Skinned Mesh Animation

Files with skinned mesh animation have an extension SMESH and are of two types: containing geometry data plus animation and animation-only. The latter are useless without a "main" skinned mesh with geometry in a bind pose. There is also an additional SANIM format, which contains only animation and is intended for small animation sequences.

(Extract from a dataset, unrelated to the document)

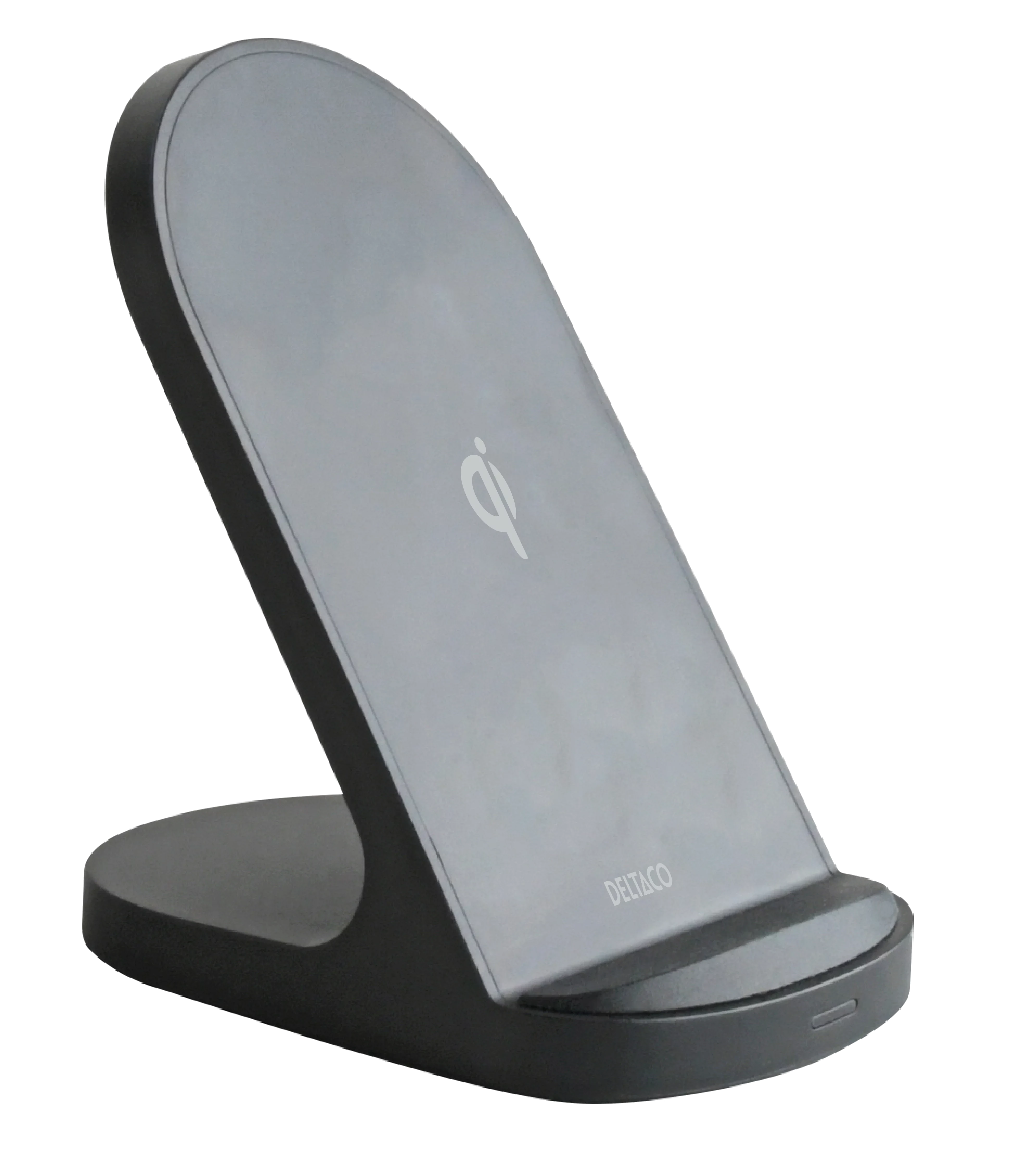 DeltacoTrådlös laddare med stativ, 15 W Snabbladdning, USB-C, Qi-certifierad, svart

Each animation of a given model can occupy a separate animation layer, and different animations of the same model can be combined together by blending between the layers.

Requirements

The following conditions are necessary:

  • A file with geometry data should contain a bind pose of a model.
  • Bone names cannot be longer than 128 characters. Longer names are simply trimmed.
  • Maximum number of bones per surface depends on a target graphics card. The maximum number of bones per surface is equal to 96 to avoid crashes on graphics APIs of DirectX 9 level. If the number exceeds this limit, small child bones will be simply ignored by export. It is usually a good idea to set the limit of 64, as each bone is represented with three vectors. Each of these vectors is a parameter to an animation shader, and older cards have lower limits to a number of parameters that can be passed to a shader.

Guidelines and Tips

  • When choosing bone names stick to the Latin charset to avoid possible portability issues.
  • When saving animation in an external file, use SANIM files for small animation sequences as they will occupy less space because of compression. But if you need precise animations, use SMESH files.
  • After export, check animation in ResourceEditor. Remember that by default ResourceEditor plays animation with 25 FPS. If you want to test an external animation, do the following:
    1. Load the file which contains a bind pose by clicking Load mesh.
    2. Click Load mesh again and check Animation only at the bottom of the dialog window.
    3. Choose a file with required animation.
    Notice
    You can load external animation for a skinned mesh in UnigineEditor or by using scripting.
  • If there will be plenty of animations for a single mesh that can be combined, it is better to store only a bind pose in a main SMESH file, put all animations in external files and load them when needed. To export only a bind pose of a mesh, check Bind pose in export plugin settings during export.
  • It might be easier to create complex movements by blending small animations of parts of a mesh. To create such small animation, select only those bones which participate in it before export.